[What is being asked]:
The lines below, from the one holding "Prof. V.K. Joshi, M.Sc., Ph.D" through the one holding "疫情期间,学院空间艺术研究院", are to be restated word for word, with all images left out.
━━━━━ Input data ━━━━━
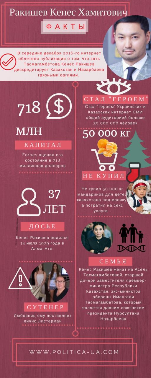 Что касается Кенеса Ракишева, то он сейчас тратит деньги еще вычурнее. В 2016 году СМИ облетела информация, что Кенес Ракишев вовлечен в несколько секс-скандалов. В числе его любовниц – несовершеннолетние. На сайте realkazz.wordpress.com были опубликованы фрагменты переписки казахского магната с одиозным российским сводником Петром Листерманом. Сразу отметим, что новость в интернете пролежала не долго, и была удалена – как и многие информационные материалы о скандальной жизни Ракишева. Тем не менее, подробности указанной переписки все же сохранились. Следуя им, Листерман доставил Кенесу Ракишеву в сексуальное рабство 15-летнюю Елену Селезневу. Также, он отправлял неугомонному младоолигарху моделей постарше – это называлось «прислать переводчиц».
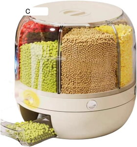この商品について 便利で安全:米びつ360°回転、トップカバーの取り外しが可能で、穀物の追加に便利です。 新鮮に保つ:密閉された保管室は、砂糖、米、ナッツ、豆、穀物、スナック、ペットフードを保管するのに適しており、多くのスペ
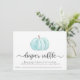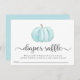 Um cartão de convite para chá de bebê bonito que apresenta uma aquarela azul pastel de uma abóbora e uma "rifa de fralda" em um roteiro de cinza flexível bonito com baloiços. Personalize a solicitação de rifa de fralda em uma simples tipografia de cinza.
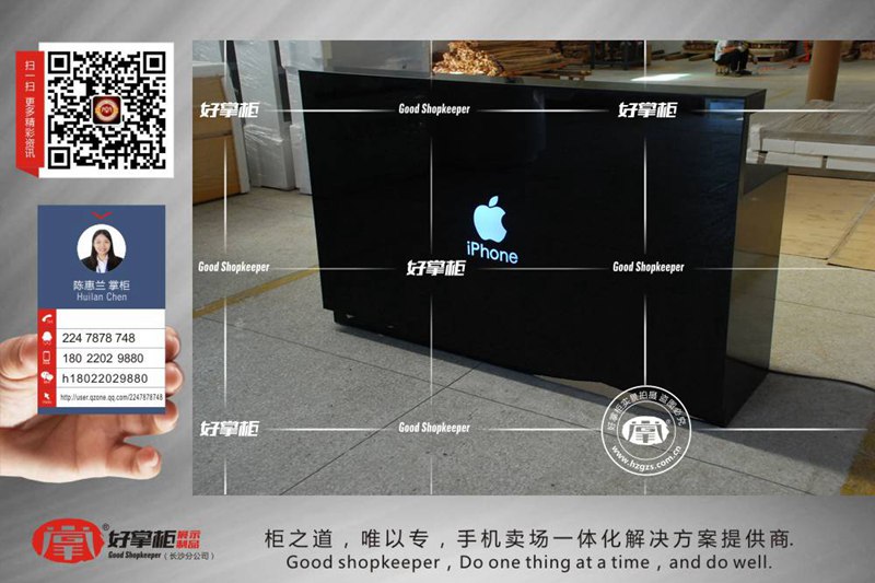 好掌柜手机柜台厂家制作各种精美的手机展柜、手机体验桌、手机配件柜、手机转角柜、收银台、维修台、业务受理台、托架
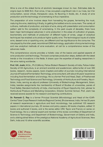 Prof. V.K. Joshi, M.Sc., Ph.D (Micro), Fellow Biotech Research Society of India, Fellow Indian Society of Hill Agriculture, is an eminent scientist and academician; editor/co-editor writer of over 300 publications including books, research, review papers, book chapters and editor of journals including International Journal of Food and Fermentation Technology is a wine consultant, with about 40 years' experience including food fermentation and oenology. He is a former Prof and Head, Dept. of Postharvest Technology and later Food Science and Technology, University of Horticulture and Forestry, Nauni-Solan, India, serving as an adjunct professor (University of Biotechnology Management, Solan, India), besides assignments like membership of Board of Studies of universities, panels of Food Safety Standard Authority of India, chairmanship of Equal Opportunity Cell, adviser to Horticultural Produce and Marketing Corporation, Director Summer School. Prof. Joshi has received several awards for his research and teaching contributions. Dr. Ramesh C. Ray is a former Principal Scientist (Microbiology) and Head of the ICAR- Central Tuber Crops Research Institute (Regional Centre), Bhubaneswar, India. He has 35 years of research experiences in agriculture and food microbiology, has published 120 research papers in international journals, 20 reviews and policy papers, 60 books chapters, edited 12 books and authored 3 books, and is the series editor CRC Taylor and Francis on series on Food biology. He is a national expert and member of the review committee of Department of Science & Technology and Department of Biotechnology, Government of Odisha and India, and a distinguished fellow of the prestigious National Academy of Agricultural Sciences, New Delhi, India and 10 other scientific societies.
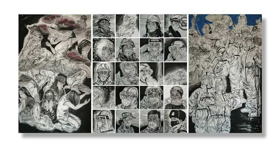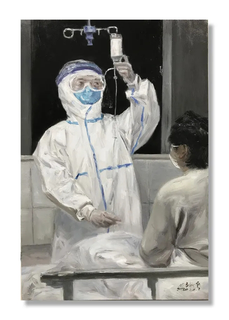 疫情期间,学院空间艺术研究院及时发出了“用画笔讴歌生命”号召,开展“武汉表情”美术作品征集活动,徐勇民、董继宁等一批湖北著名艺术家,与全省学院派的艺术家们一起,以画笔为武器,创作了大量抗疫书画作品,湖北省学院空间艺术研究院精心挑选了100余幅作品进行集中展示。这些作品,再现了疫情防控阻击战的英雄画面,既有逆行出征白衣医护战士,又有敢打头阵的人民子弟兵,既有坚守基层的社区工作者,又有服务一线的各类志愿者形象,主题鲜明,形式丰富,作品质量高。
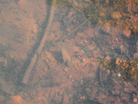 Numa viagem a Fama, feita depois de um croqui publicado no portal Vitruvius (2), eu esperava encontrar as duas cidades – a submersa e a real – lado a lado, numa paisagem quase romântica que traduzisse essa questão de maneira diagramática. De um lado da linha a cidade real. Do outro, bem no meio do lago, um casebre afundado com a cumeeira ainda visível, paredes em ruínas com o nível d’água a meia altura, a ponta da chaminé de uma fabriqueta qualquer. Mas o que encontrei foi uma paisagem mais expressiva: quarenta anos depois da construção da represa, claro que a cidade submersa está totalmente esquecida sob a lâmina d’água e nada emerge mais. A tal linha d’água só passou a ter sentido depois que descobri o lado secreto (e realmente interessante) daquele lugar: mergulhando com minha câmera fotográfica à prova d’água, vi galpões e casas e padarias e vendas, todos maravilhosamente esquecidos sob cinco ou dez metros de coluna d’água.
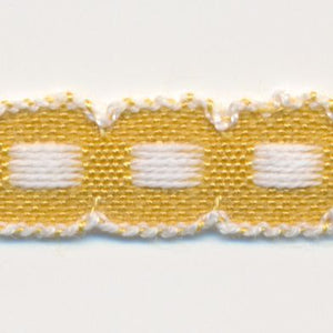SHINDO社製(S.I.C.)チロルテープです。ボックスステッチが可愛らしく、またリボンの両端(上端と下端)に白いラインが入っているので、アクセントとして映えるリボンです。子供服や小物などの雑貨向けにオススメの服飾資材です。※メートルカット品は、実物確認用のサンプルまたはご試作用途向けに販売をいたしております(数量「3」でお求めいただくと、3メートルを1本でお届け)。巻でのご購入前に必ずメートルカット品にて実物をご確認ください。
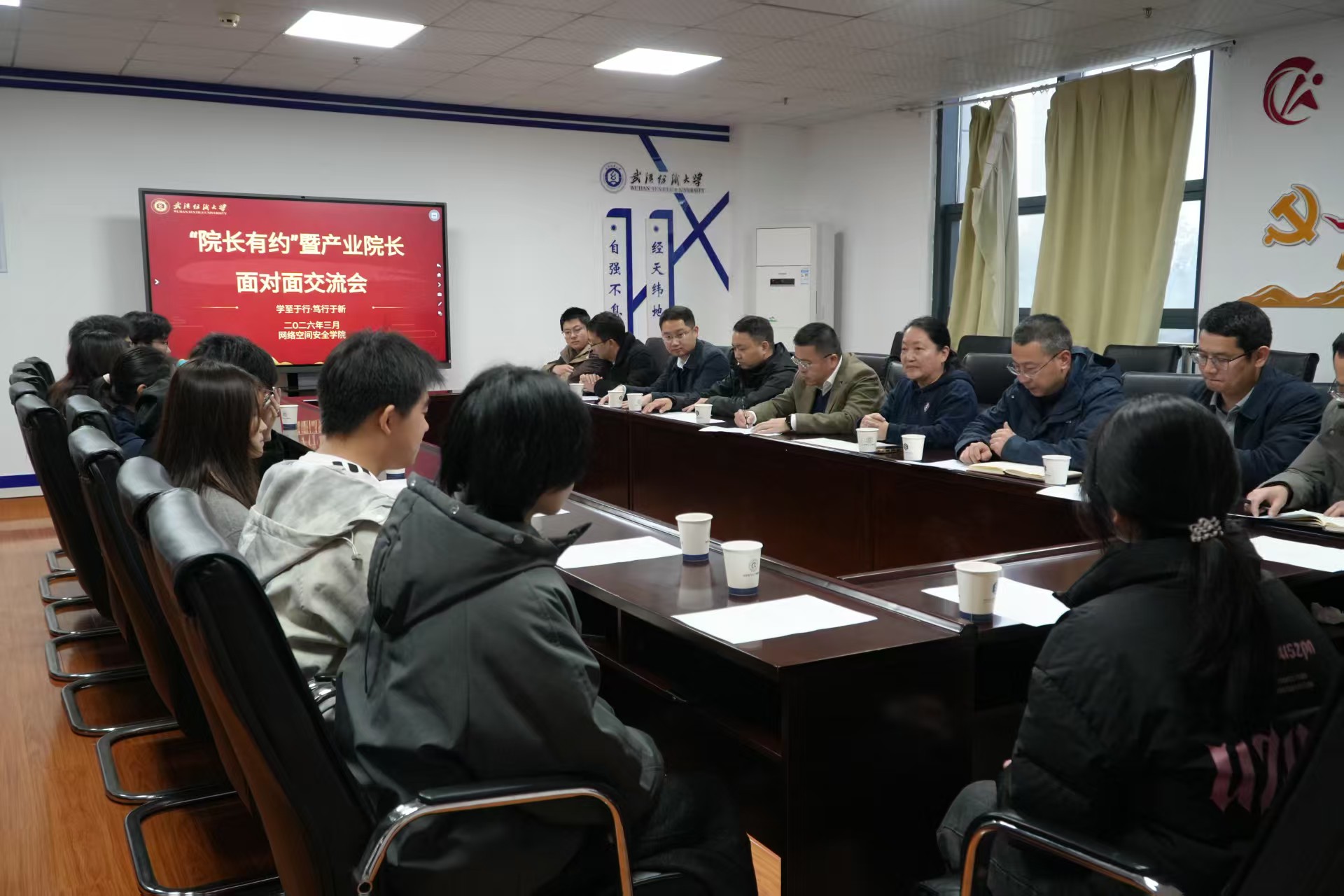 3月17日下午,网络空间安全学院在崇真楼(南楼)A4033会议室举办“院长有约—产业院长面对面”活动。奇安信集团副总裁、产业学院院长刘进莅临学院,与学院领导班子成员、教师代表、辅导员代表及网络空间安全专业学生代表座谈交流。活动由网络空间安全学院副院长刘军平主持。
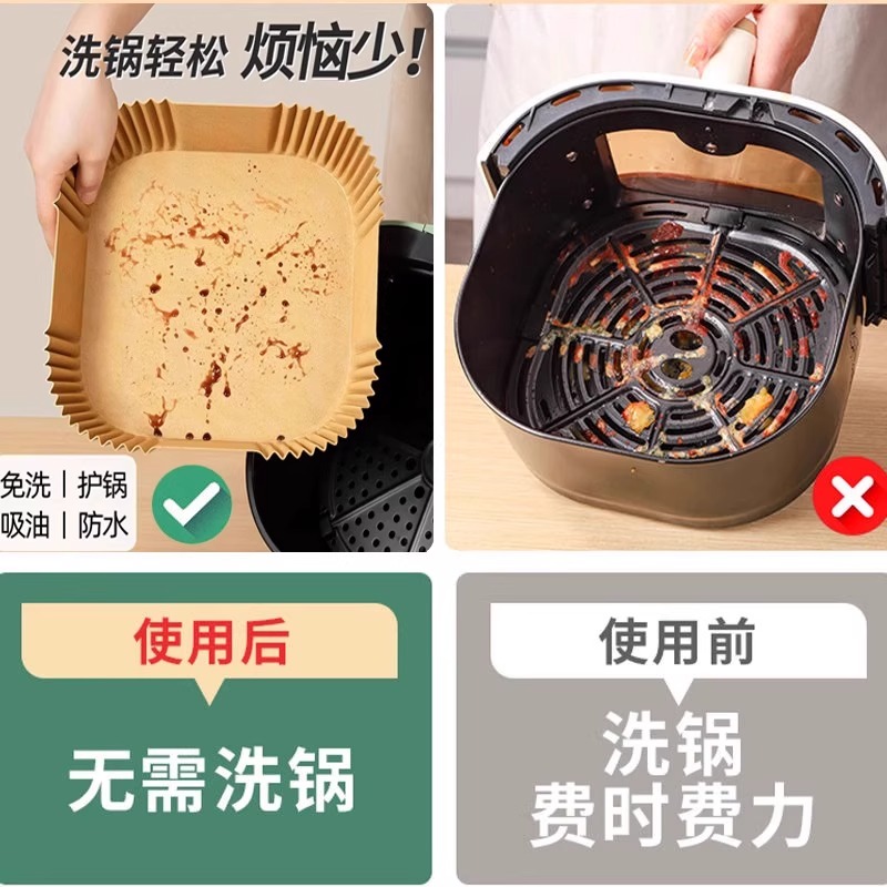 空气炸锅专用纸烤箱吸油垫纸家用食物隔油碗耐高温方形烘焙硅油纸
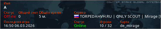 Играет на Counter Strike Global Offensive сервере. Страна: РоссияПервый раз замечен 16:45 06.03.2026
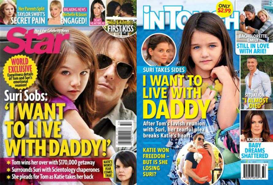 Katie Holmes thực sự muốn dạy dỗ Suri đúng nhất như các bà mẹ khác, để cô bé được uốn nắn như cây non thay vì ý muốn dạy con như ông chồng Tom Cruise. Nhưng chính vì sự nghiêm khắc đó mà bà mẹ này đã làm cô con gái vốn được nuông chiều trở nên rầu rĩ. Trong khi đó, ông bố nổi tiếng lại hết mực chiều chuộng con, có vẻ như đó là sự "mua chuộc" tình cảm khôn ngoan nhất.
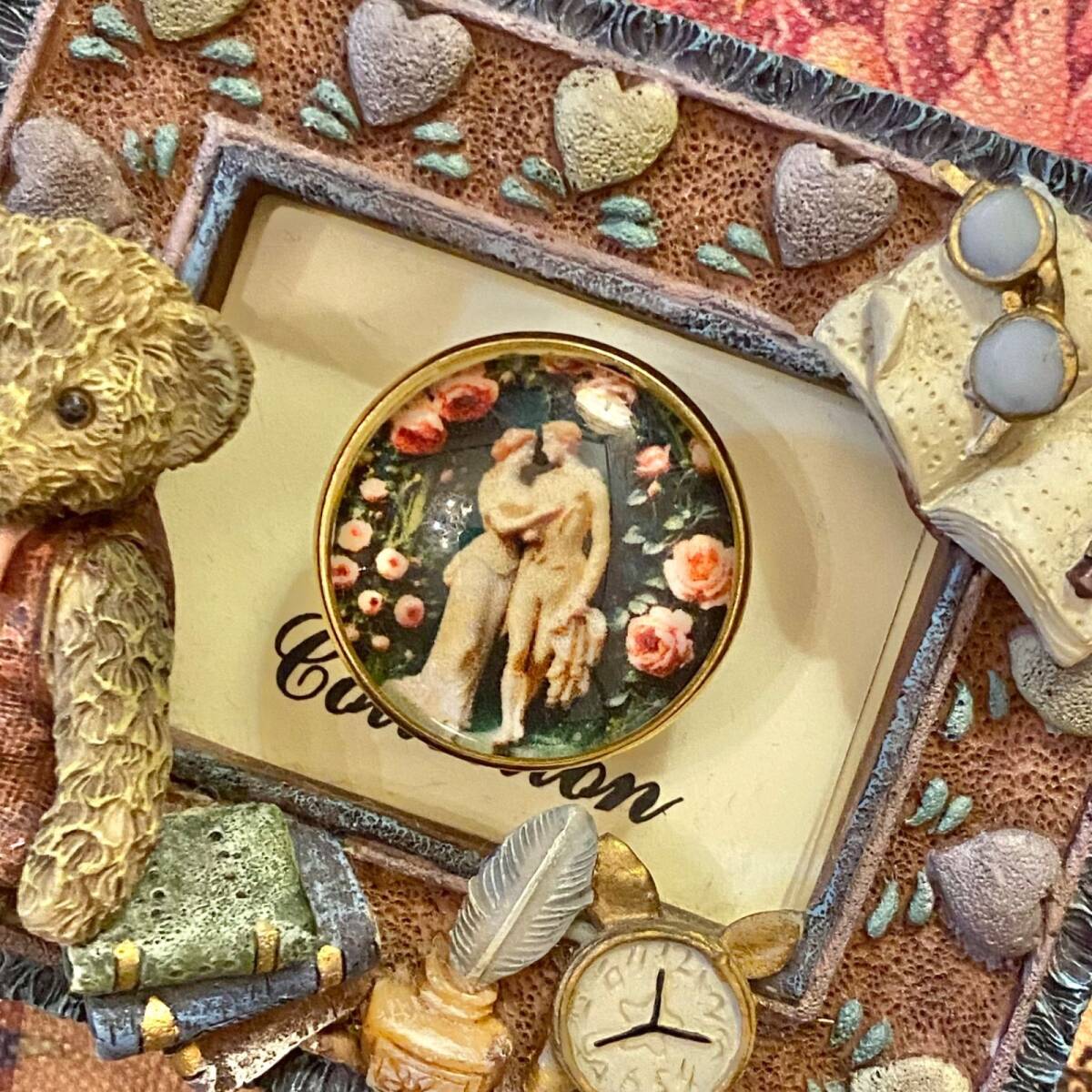 【着物リメイク ガラス帯留め 和洋折衷 和ロリータ ハンドメイド アクセサリー ルネサンスの恋と薔薇 GK-133】
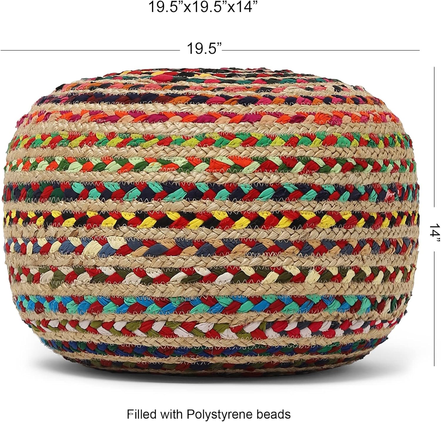REDEARTH · Round Pouf Ottoman - Braided Boho Poof Home Décor Pouffe Accent Sitting Circular Foot Rest for Living Room, Bedroom, Nursery, Lounge; Jute and Cotton Set of 2 (19.5"x19.5"x14"; Multi)
━━━━━
[Exercise response]:
 Prof. V.K. Joshi, M.Sc., Ph.D (Micro), Fellow Biotech Research Society of India, Fellow Indian Society of Hill Agriculture, is an eminent scientist and academician; editor/co-editor writer of over 300 publications including books, research, review papers, book chapters and editor of journals including International Journal of Food and Fermentation Technology is a wine consultant, with about 40 years' experience including food fermentation and oenology. He is a former Prof and Head, Dept. of Postharvest Technology and later Food Science and Technology, University of Horticulture and Forestry, Nauni-Solan, India, serving as an adjunct professor (University of Biotechnology Management, Solan, India), besides assignments like membership of Board of Studies of universities, panels of Food Safety Standard Authority of India, chairmanship of Equal Opportunity Cell, adviser to Horticultural Produce and Marketing Corporation, Director Summer School. Prof. Joshi has received several awards for his research and teaching contributions. Dr. Ramesh C. Ray is a former Principal Scientist (Microbiology) and Head of the ICAR- Central Tuber Crops Research Institute (Regional Centre), Bhubaneswar, India. He has 35 years of research experiences in agriculture and food microbiology, has published 120 research papers in international journals, 20 reviews and policy papers, 60 books chapters, edited 12 books and authored 3 books, and is the series editor CRC Taylor and Francis on series on Food biology. He is a national expert and member of the review committee of Department of Science & Technology and Department of Biotechnology, Government of Odisha and India, and a distinguished fellow of the prestigious National Academy of Agricultural Sciences, New Delhi, India and 10 other scientific societies.
 疫情期间,学院空间艺术研究院及时发出了“用画笔讴歌生命”号召,开展“武汉表情”美术作品征集活动,徐勇民、董继宁等一批湖北著名艺术家,与全省学院派的艺术家们一起,以画笔为武器,创作了大量抗疫书画作品,湖北省学院空间艺术研究院精心挑选了100余幅作品进行集中展示。这些作品,再现了疫情防控阻击战的英雄画面,既有逆行出征白衣医护战士,又有敢打头阵的人民子弟兵,既有坚守基层的社区工作者,又有服务一线的各类志愿者形象,主题鲜明,形式丰富,作品质量高。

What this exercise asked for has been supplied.